Women bear a double burden: they are the most reliant on natural resources for managing household and family affairs, the least able to access land ownership and decision-making power, the most severely affected by the collapse of food and water security, and the most vulnerable to violence when the journey to water and firewood sources lengthens. Nevertheless, they remain absent from most planning and negotiation frameworks.
Women’s Response Rooms and leading civil society organizations in this regard have proven exceptional competence in addressing needs long neglected in the midst of emergencies. What the report asserts is that integrating this voice into decision-making structures is not an act of charity but a condition for effectiveness: peace strategies that neglect half the population are doomed to fail.

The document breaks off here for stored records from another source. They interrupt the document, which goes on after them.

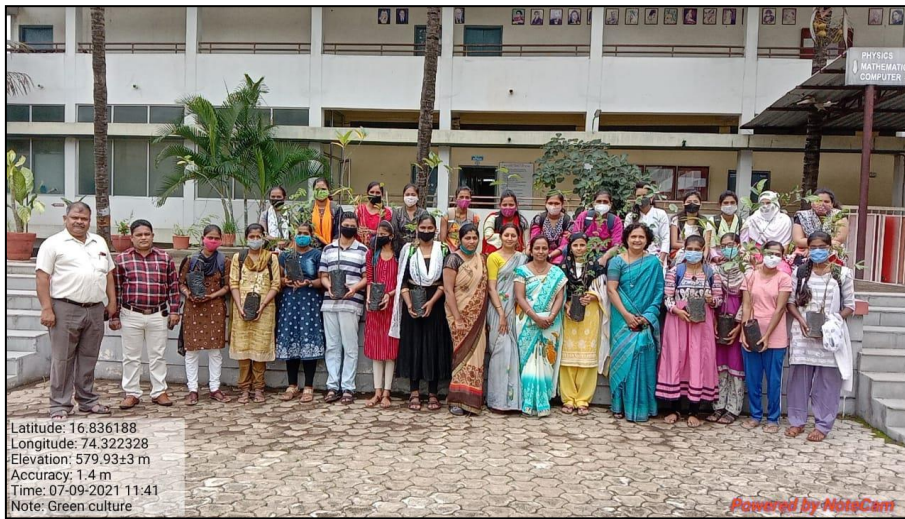
Photo plates of the plantation
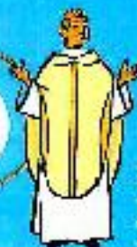
On Holy Thursday, the priest wears white vestments.

O n Holy Thursday, Christians remember the final meal that Jesus had with his disciples, the Last Supper. He washed their feet as a sign of love and of service. He gave them the Eucharist to nourish them with his Body and his Blood.
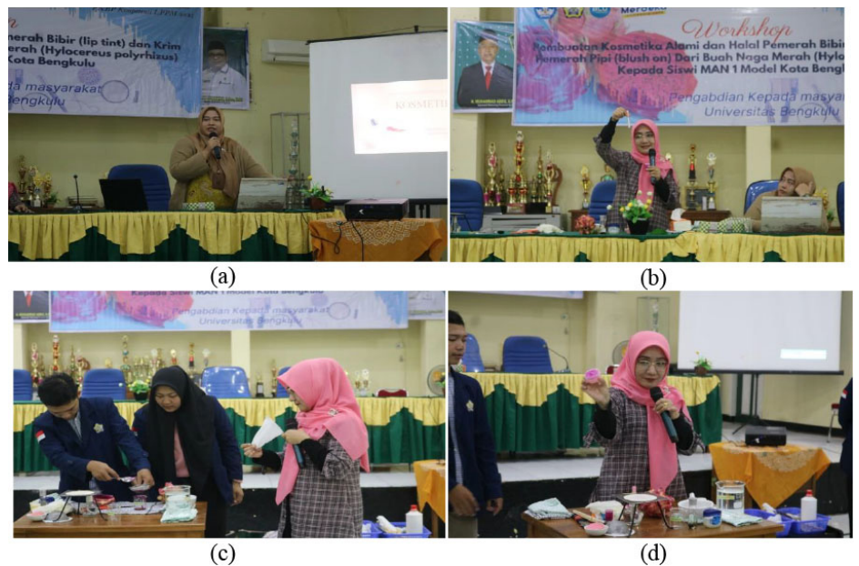
Figure 2. Demonstration of Crafting Cosmetics. (a) Education about illegal cosmetics by a doctor. (b) Explanation of the benefits of red dragon fruit. (c) Demonstrate how to create lip tint and blush on dragon fruit. (d) Pharmacists showcased the packaging process in the respective containers.
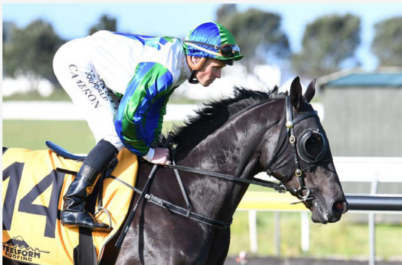
Ignored / By Savabeel, from She's Snubbed
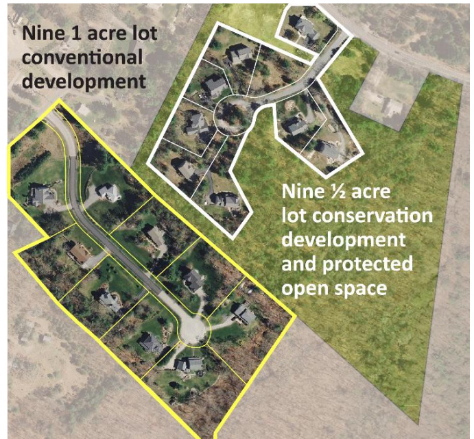
RIGHT: The conservation development outlined in white with nine 1/2 acre lots retains trees on lots and preserves 13 acres of forested open space. The conventional development in yellow with nine one-acre lots has a much longer road and lots clear cut for lawns, resulting in much higher runoff and no open space (RIDEM Environmental Resource Map & South Kingstown Web GIS).
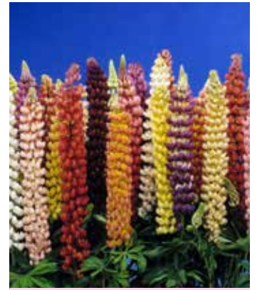
LU6000 LUPINUS polyphyllus 'New Millennium Mixed'

(SAHIN 1996) elegant long spikes of white scented flowers with white and yellow keels
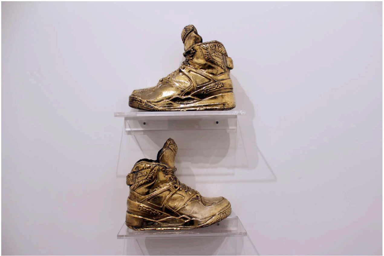
"Pump it Up, 1991.
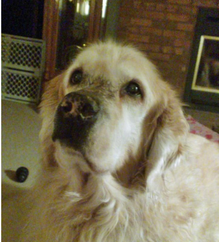
Charger after 4 radiation treatments. Hair on his nose growing back.
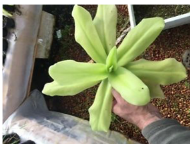
Pinguicula gigantea $50

Conclusion: When the Earth is Not Separated from Humans
This report stands against an entrenched current that tends to treat the Sudanese crisis exclusively as a human crisis—a struggle for power, human starvation, and human displacement—as if the land upon which all this is fought is merely a theatrical stage that can be ignored. The report establishes systematically and with documentation that this disregard not only fails to reflect reality, but it harms the response itself, as interventions ignoring the environmental dimension often entrench the very damages they seek to mitigate.
What makes this report worthy of a careful reading is not only its documentary and analytical richness, but its balanced tone between realism and ambition. It promises no easy solutions, nor does it present the environment as a magic key that unlocks everything. But it insists: unless the environment is integrated into the core of response, peace, and recovery strategies, these strategies will not be on par with the crisis they confront.
And the crisis, as the report describes it, is the worst humanitarian disaster in the world today. As such, it deserves the very best of human knowledge in terms of tools, frameworks, and approaches, including those that know how to listen to what the Earth is saying.